When everyone has access to the same models, the same capabilities, the same speed to ship, the product itself stops being the wedge. Founders find out quickly that features and functions can get matched in a quarter. Outcomes converge and if the customer squints, everything looks very same same.
So what's left? Brand!
Right now, more than any other time in marketing, IT'S A RACE TO CULTURAL RELEVANCE!
How'd we get here? I think three things broke at once.
The culture changed, the attention economy turned feral, and the categories got crowded.
We spend all day on our phones, thumbing past wars, conspiracies, and ads for things we don't need, all of it sloshing together in our slop-filled feed. Slop it up you little piggies!
AI lowered the barrier of entry -- so similarly to all the slop you see in your feed, startups are slopping up all the categories because it's easier to build and ship (shitty) products. When you look at B2B technology in the post-GPT world, every space has a dozen (often more) near-identical players. And the channels are so chaotic that the old reliable ways of reaching people are drowned in the noise. Product marketing was built for a calmer world. When every product hits parity, and every feed is a firehose, features stop being a differentiator because everyone else is making the same claim into the same void at the same time. This is why product marketing no longer works.
But it's wild because so many companies fail to recognize this, and they keep cycling through the same playbook.
When growth stalls, the instinct is to reach for a function -- a hire that will solve everything! First, it was the product marketer, because surely if the world just understood why our product was better, we'd win. Then demand gen, because we're not generating enough demand and surely growth was just a matter of spending on the right channels. Each hire was the same bet: that a single function could make up for the missing piece underneath it all. Product marketing without awareness. Demand gen without brand. Every time, the missing piece was the same one, just pushed down a level until there was nowhere left to push. And so now, FINALLY, everyone is arriving at the same realization at once.
Brand is THE thing.
Brand is THE differentiator.
Build brand first and everything else gets easier. The market has heard of you, so demand gets easier. You have their attention, so now they actually WANT to hear about your features.

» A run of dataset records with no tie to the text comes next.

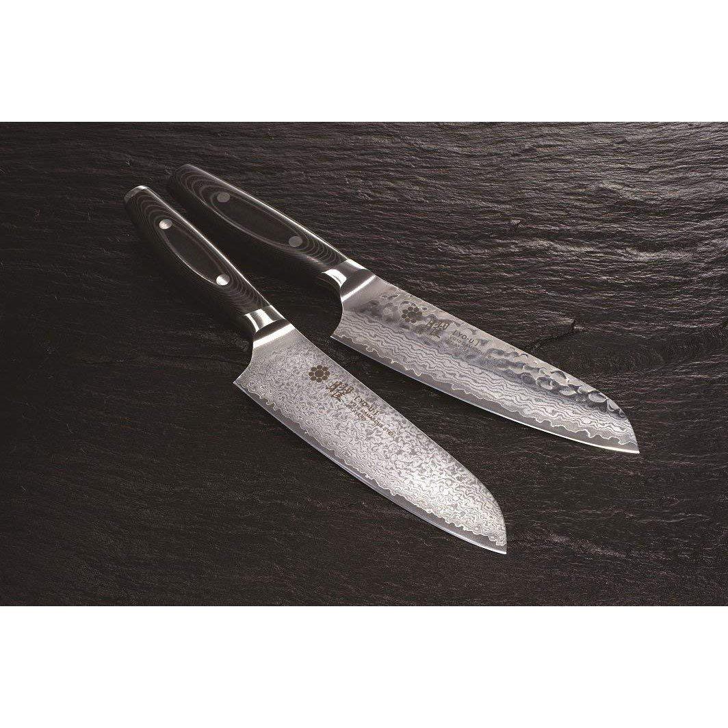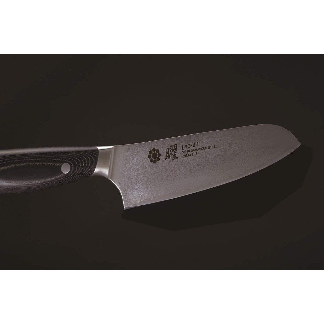 The Yaxell YO-U Santoku Knife features a high quality blade made of VG-10 Damascus stainless steel for extra durability, hardness and sharpness.
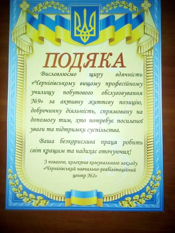 Вже не перший рік учнівський та педагогічний колектив Чернігівського вищого професійного училища побутового обслуговування долучається до щорічної масштабної благодійної акції "Твори добро на радість людям", організованої психологічною службою закладу.
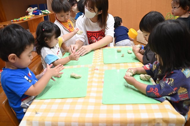 手のひらや指先を使ってこねて丸めたり潰したりちいさくちぎって楽しみます💓
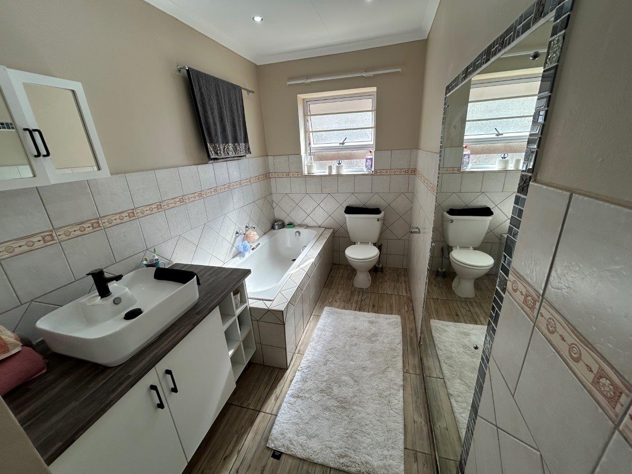 Welcome to this charming 190 m2 family home, situated on a generous 640 m2 plot. This home features tiled flooring throughout and aluminum windows and sliding doors. The property is fully walled and includes a paved driveway .
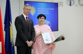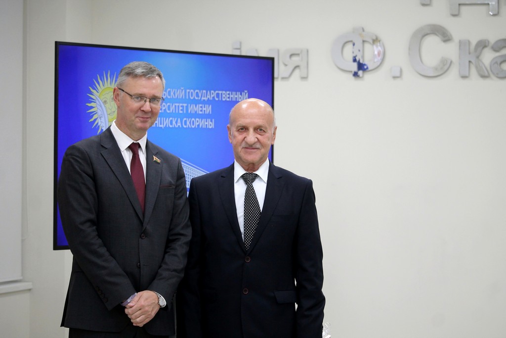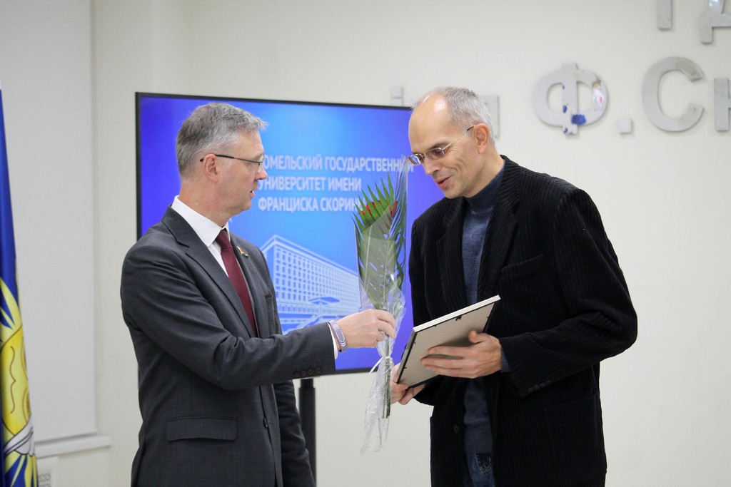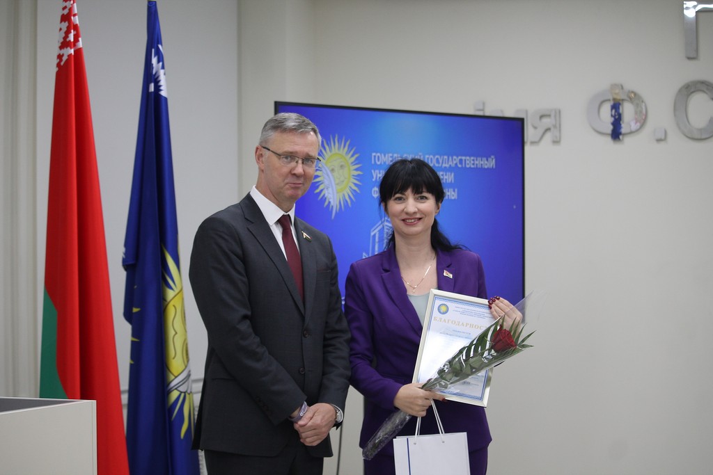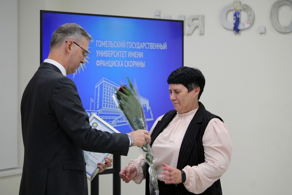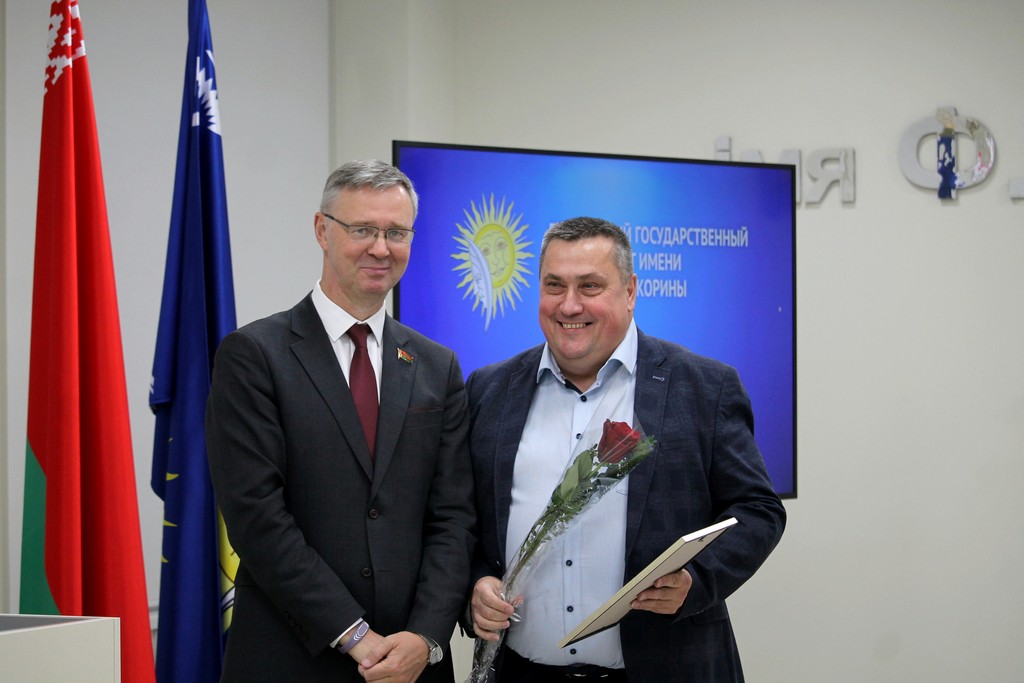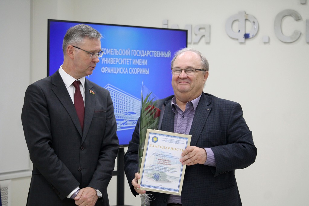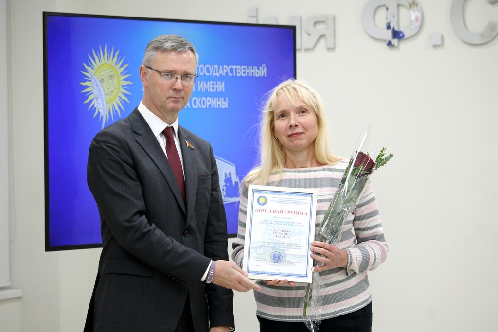 Благодарности Премьер-министра Республики Беларусь «за шматгадовую пленную навукова-педагагiчную дзейнасць, дасягнутыя поспехi ў падрыхтоўцы высокаквалiфiкаваных спецыялiстаў» удостоен профессор кафедры алгебры и геометрии Виктор Монахов. В связи с присвоением ученого звания доцента по специальности «Электроника и наноэлектроника» аттестат доцента вручен доценту кафедры общей физики Сергею Соколову. Почетной грамотой университета за многолетнюю плодотворную учебную и воспитательную работу по подготовке квалифицированных специалистов награждены старший преподаватель кафедры биологии Татьяна Азявчикова, кандидат химических наук, доцент кафедры химии Елена Воробьева, кандидат физико-математических наук, доцент, заведующий кафедрой оптики Владимир Гайшун, кандидат экономических наук, доцент кафедры экономической информатики, учета и коммерции Сергей Говейко, кандидат филологических наук, доцент кафедры белорусского языка Екатерина Хазанова.

But in B2B tech, brand was always last. A complete afterthought. The thing you maybe tried once the "real" growth levers were exhausted. We just need BETTER product marketing! We just need to GENERATE DEMAND! 🥴
In 2026, it's none of that. It's about attention, and nobody has any of it(!), so you have to earn it through emotional connection, humor, storytelling, the right narrative and visual identity that isn't shit. That's the work only brand can do. The order was always backwards. The layer everyone treated as the finishing touch turns out to be the foundation, and the companies that figure it out first own their categories.
New categories are emerging faster than ever, new products inventing new spaces overnight. And the first company to create real cultural relevance and ubiquity within a category wins. Not the one with the best features. Not the one with the cleanest demo or the most impressive benchmark. The one that owns the category in the collective mind, the way Clay owns GTM engineering and Lovable owns vibe coding.
It's awareness. It's virality. It's the network effect of being the name people say when they describe the category or the problem. Once you own that, the features become table stakes and the brand becomes the moat.